■ Problem requirements ■
Strip the pictures, then copy the remaining data exactly as it stands.

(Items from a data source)
────

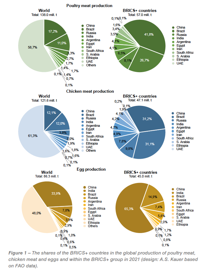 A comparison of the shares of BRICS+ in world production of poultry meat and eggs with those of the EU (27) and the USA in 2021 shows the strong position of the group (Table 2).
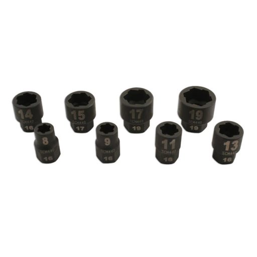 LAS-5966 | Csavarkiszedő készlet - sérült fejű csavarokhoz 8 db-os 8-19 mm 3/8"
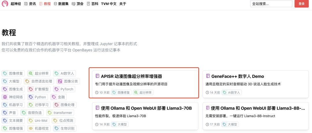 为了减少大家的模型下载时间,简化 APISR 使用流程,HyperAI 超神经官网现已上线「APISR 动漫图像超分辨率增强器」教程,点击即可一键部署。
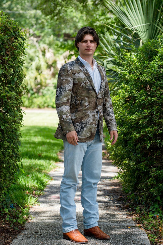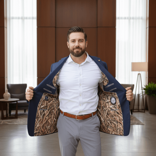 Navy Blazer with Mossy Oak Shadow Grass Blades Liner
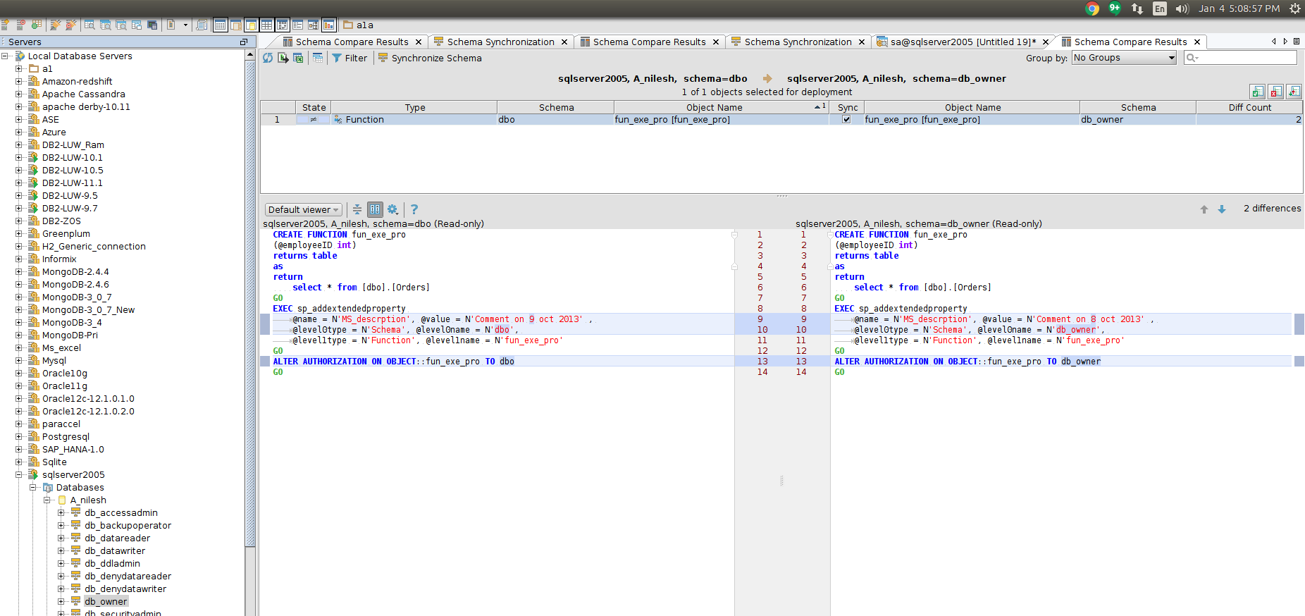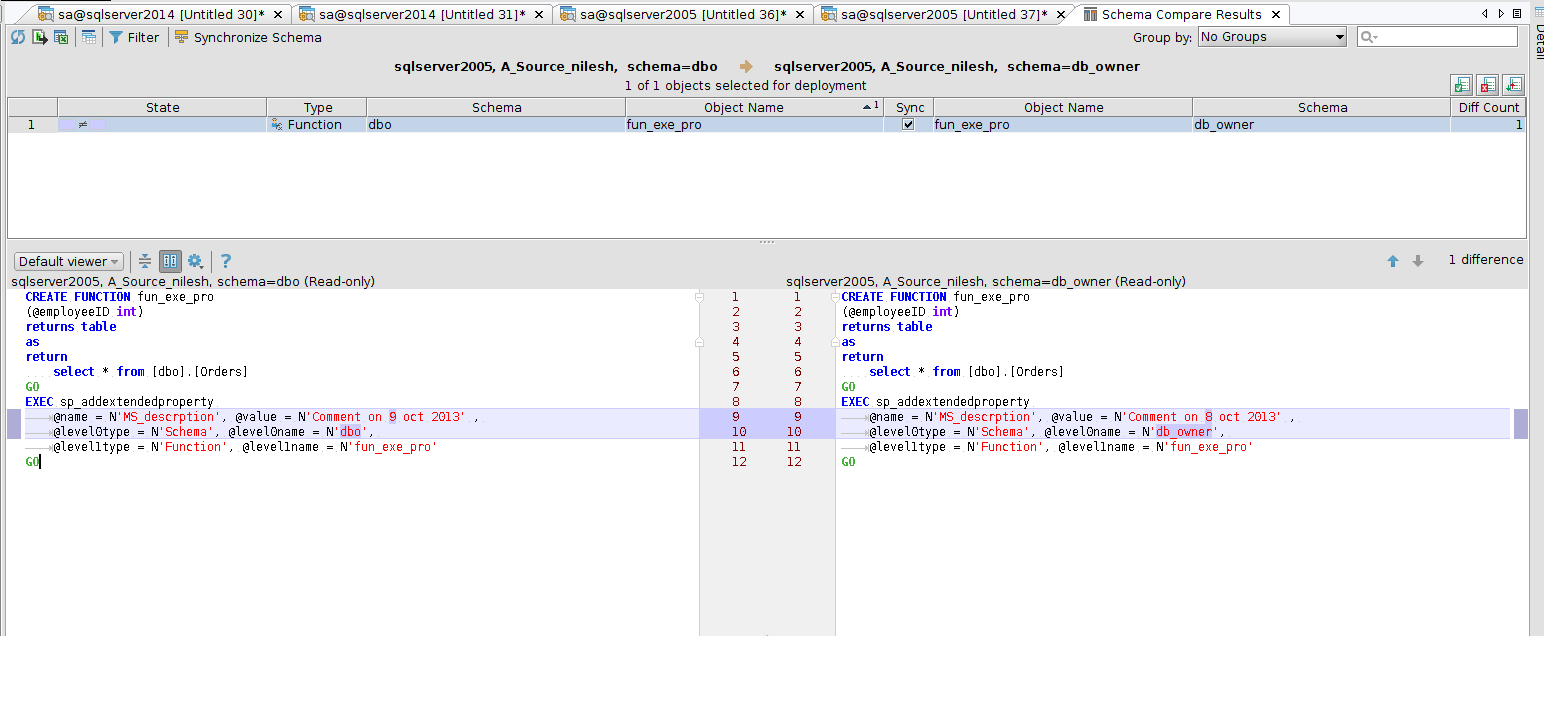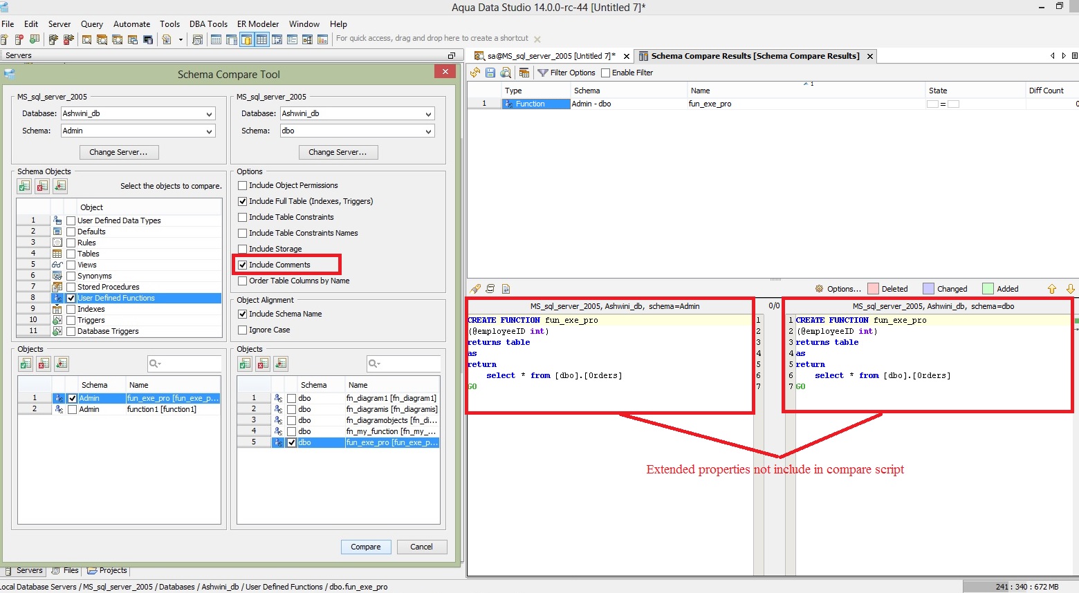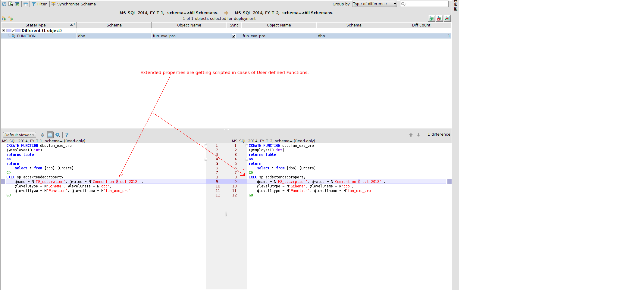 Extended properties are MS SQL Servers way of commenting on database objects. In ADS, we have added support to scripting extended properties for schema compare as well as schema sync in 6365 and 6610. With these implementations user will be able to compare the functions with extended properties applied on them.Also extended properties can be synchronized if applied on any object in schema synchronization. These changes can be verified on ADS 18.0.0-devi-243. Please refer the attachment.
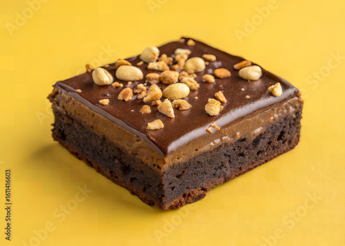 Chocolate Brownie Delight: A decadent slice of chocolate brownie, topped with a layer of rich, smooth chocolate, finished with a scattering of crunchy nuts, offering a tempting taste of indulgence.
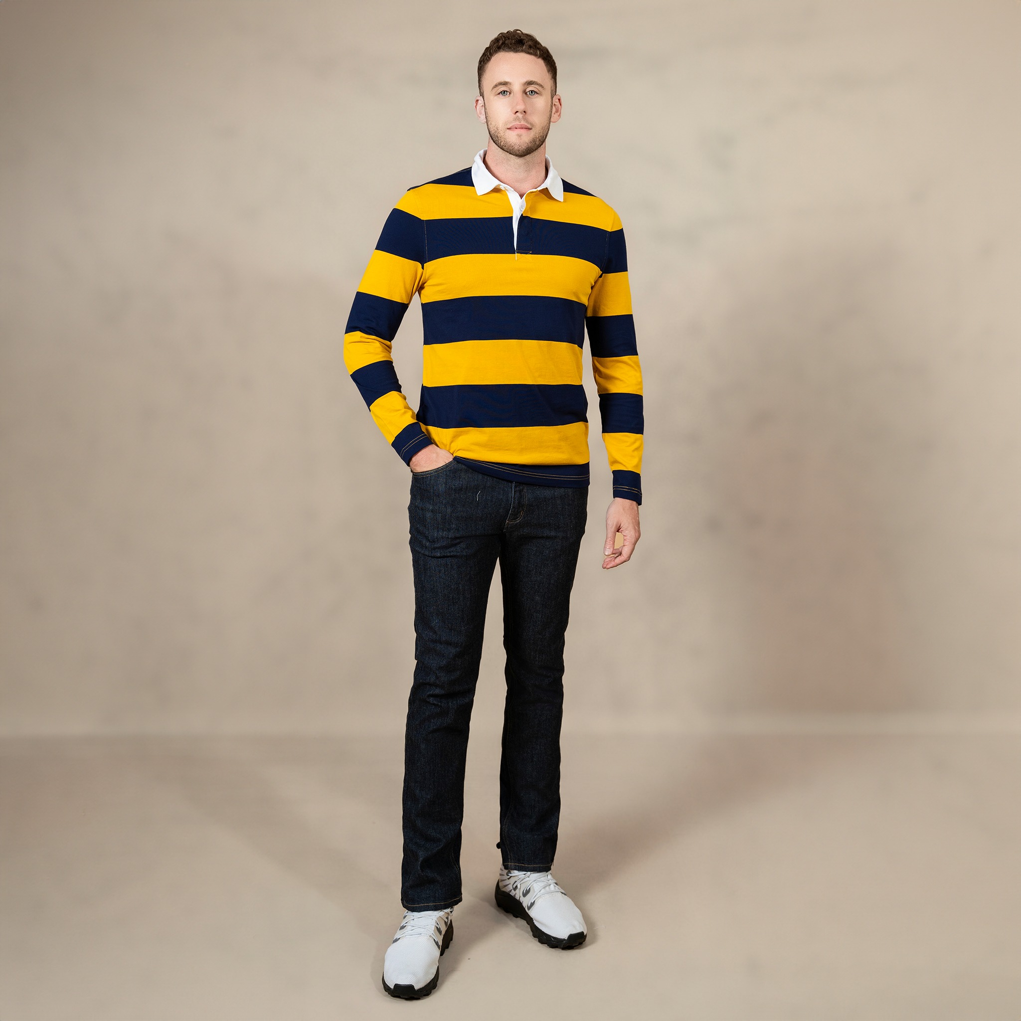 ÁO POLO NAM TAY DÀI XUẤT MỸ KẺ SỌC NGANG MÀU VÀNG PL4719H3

────

■ Exercise result ■
 A comparison of the shares of BRICS+ in world production of poultry meat and eggs with those of the EU (27) and the USA in 2021 shows the strong position of the group (Table 2).
 LAS-5966 | Csavarkiszedő készlet - sérült fejű csavarokhoz 8 db-os 8-19 mm 3/8"
 为了减少大家的模型下载时间,简化 APISR 使用流程,HyperAI 超神经官网现已上线「APISR 动漫图像超分辨率增强器」教程,点击即可一键部署。
 Navy Blazer with Mossy Oak Shadow Grass Blades Liner
 Extended properties are MS SQL Servers way of commenting on database objects. In ADS, we have added support to scripting extended properties for schema compare as well as schema sync in 6365 and 6610. With these implementations user will be able to compare the functions with extended properties applied on them.Also extended properties can be synchronized if applied on any object in schema synchronization. These changes can be verified on ADS 18.0.0-devi-243. Please refer the attachment.
 Chocolate Brownie Delight: A decadent slice of chocolate brownie, topped with a layer of rich, smooth chocolate, finished with a scattering of crunchy nuts, offering a tempting taste of indulgence.
 ÁO POLO NAM TAY DÀI XUẤT MỸ KẺ SỌC NGANG MÀU VÀNG PL4719H3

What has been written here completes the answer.